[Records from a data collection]
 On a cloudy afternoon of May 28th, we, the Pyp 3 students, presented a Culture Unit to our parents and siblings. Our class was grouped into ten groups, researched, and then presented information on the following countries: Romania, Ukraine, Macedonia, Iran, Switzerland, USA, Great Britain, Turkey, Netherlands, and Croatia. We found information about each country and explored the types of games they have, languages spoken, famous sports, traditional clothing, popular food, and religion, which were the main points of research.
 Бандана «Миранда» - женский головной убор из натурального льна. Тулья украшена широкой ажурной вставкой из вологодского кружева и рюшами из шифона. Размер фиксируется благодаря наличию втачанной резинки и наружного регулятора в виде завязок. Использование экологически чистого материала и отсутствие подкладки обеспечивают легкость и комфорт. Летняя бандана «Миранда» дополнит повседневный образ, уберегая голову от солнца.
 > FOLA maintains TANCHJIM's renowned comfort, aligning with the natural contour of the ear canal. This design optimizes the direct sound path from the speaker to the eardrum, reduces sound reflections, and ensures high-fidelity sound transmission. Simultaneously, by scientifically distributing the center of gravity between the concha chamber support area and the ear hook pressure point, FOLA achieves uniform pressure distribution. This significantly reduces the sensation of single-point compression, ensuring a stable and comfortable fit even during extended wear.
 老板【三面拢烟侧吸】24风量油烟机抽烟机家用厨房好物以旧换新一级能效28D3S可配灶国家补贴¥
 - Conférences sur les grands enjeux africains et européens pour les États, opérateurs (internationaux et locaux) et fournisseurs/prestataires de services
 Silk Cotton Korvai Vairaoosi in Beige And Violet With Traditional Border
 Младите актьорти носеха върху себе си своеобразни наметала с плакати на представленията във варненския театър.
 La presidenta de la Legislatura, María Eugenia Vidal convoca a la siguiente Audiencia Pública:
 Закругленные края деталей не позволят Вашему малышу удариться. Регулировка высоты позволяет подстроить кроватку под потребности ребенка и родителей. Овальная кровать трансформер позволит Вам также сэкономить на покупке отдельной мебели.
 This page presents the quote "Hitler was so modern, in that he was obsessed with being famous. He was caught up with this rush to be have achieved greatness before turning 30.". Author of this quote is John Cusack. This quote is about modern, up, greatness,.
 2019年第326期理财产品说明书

_Exercise:_ In the data above, find the line that contains "Закругленные края деталей", then reproduce exactly every line from the first line through that line.

_Answer space:_
 On a cloudy afternoon of May 28th, we, the Pyp 3 students, presented a Culture Unit to our parents and siblings. Our class was grouped into ten groups, researched, and then presented information on the following countries: Romania, Ukraine, Macedonia, Iran, Switzerland, USA, Great Britain, Turkey, Netherlands, and Croatia. We found information about each country and explored the types of games they have, languages spoken, famous sports, traditional clothing, popular food, and religion, which were the main points of research.
 Бандана «Миранда» - женский головной убор из натурального льна. Тулья украшена широкой ажурной вставкой из вологодского кружева и рюшами из шифона. Размер фиксируется благодаря наличию втачанной резинки и наружного регулятора в виде завязок. Использование экологически чистого материала и отсутствие подкладки обеспечивают легкость и комфорт. Летняя бандана «Миранда» дополнит повседневный образ, уберегая голову от солнца.
 > FOLA maintains TANCHJIM's renowned comfort, aligning with the natural contour of the ear canal. This design optimizes the direct sound path from the speaker to the eardrum, reduces sound reflections, and ensures high-fidelity sound transmission. Simultaneously, by scientifically distributing the center of gravity between the concha chamber support area and the ear hook pressure point, FOLA achieves uniform pressure distribution. This significantly reduces the sensation of single-point compression, ensuring a stable and comfortable fit even during extended wear.
 老板【三面拢烟侧吸】24风量油烟机抽烟机家用厨房好物以旧换新一级能效28D3S可配灶国家补贴¥
 - Conférences sur les grands enjeux africains et européens pour les États, opérateurs (internationaux et locaux) et fournisseurs/prestataires de services
 Silk Cotton Korvai Vairaoosi in Beige And Violet With Traditional Border
 Младите актьорти носеха върху себе си своеобразни наметала с плакати на представленията във варненския театър.
 La presidenta de la Legislatura, María Eugenia Vidal convoca a la siguiente Audiencia Pública:
 Закругленные края деталей не позволят Вашему малышу удариться. Регулировка высоты позволяет подстроить кроватку под потребности ребенка и родителей. Овальная кровать трансформер позволит Вам также сэкономить на покупке отдельной мебели.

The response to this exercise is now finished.